After years of struggling to reclaim its place in the ultra-competitive smartphone market, Blackberry announced yesterday that it would consider a sale. The beleaguered handset maker has formed a special committee that will explore value-generating alternatives, such as a joint-venture, a partnership, or a break up – but Blackberry may have already crossed the point of no return.
“Unable to match Apple's iPhone for cool or the sheer range of devices from Samsung and others using Google's Android mobile system, [Blackberry’s] market share has collapsed from close to 50 percent in the US in 2009 to less than 3 percent, according to figures released last week by the analyst IDC,” stated The Guardian.
That 3 percent market share places Blackberry in fourth place – behind Android, Apple, and the increasingly popular Windows Phone platform. As Blackberry’s market share evaporated, so did profitability. The business-oriented tech company went from raking in billions to bleeding millions.
“BlackBerry, which changed its name from Research in Motion earlier this year in a different bid to restyle the ailing company, experienced a 93 percent drop in share price during the past five years. And the company fell deeply into the red in 2012, posting a $646 million loss, in contrast to earning $3.5 billion just two years earlier,” said Forbes.
Blackberry also laid off 5000 employees in 2012. The most recent quarter results revealed losses of $84 million.
Many are left wondering who would be willing to buy (or partner with) a company that is in such dire straits.
“The obvious and troubling answer is that any one of the smartphone giants could buy it up and gut it for its patents,” reported CBC. “Still, that is like buying up a working factory and selling the machinery as scrap metal.”

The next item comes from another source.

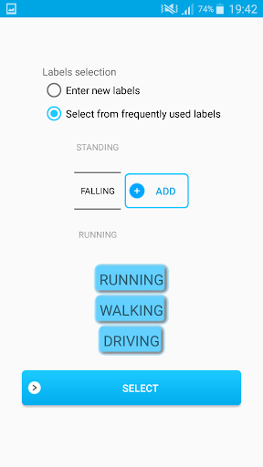 Sensori Data Collector consente di raccogliere dati da vari sensori dal dispositivo (incluso accelerometro, magnetometro, giroscopio ecc.) E ti consente di etichettare / annotare questi dati in tempo reale quando lo raccoglie. I dati raccolti vengono salvati nei file CSV sulla memoria locale del dispositivo e possono essere facilmente utilizzati per allenamento algoritmi di apprendimento della macchina o per altri compiti di intelligenza artificiale.

Other smartphone markers already have their own buzz-worthy devices, so it is unlikely that a company like Samsung or HTC would risk buying Blackberry. Selling to an investment group is probably much more likely.
“Investors have speculated that an embattled BlackBerry may prove attractive to a private equity firm,” said The New York Times. “But that assumes a financial firm would be willing to shoulder the enormous risk that fixing a fading smartphone maker would entail. While Silver Lake is part of the duo trying to take Dell Inc. private, a private equity executive suggested that while corporations will always need personal computers, no one needs to buy a BlackBerry device.”
Blackberry’s stock price rose following the announcement that the company could be seeking a buyer. It has risen 12 percent in two days, to $10.93 per share – but still remains down 7.9 percent from last year.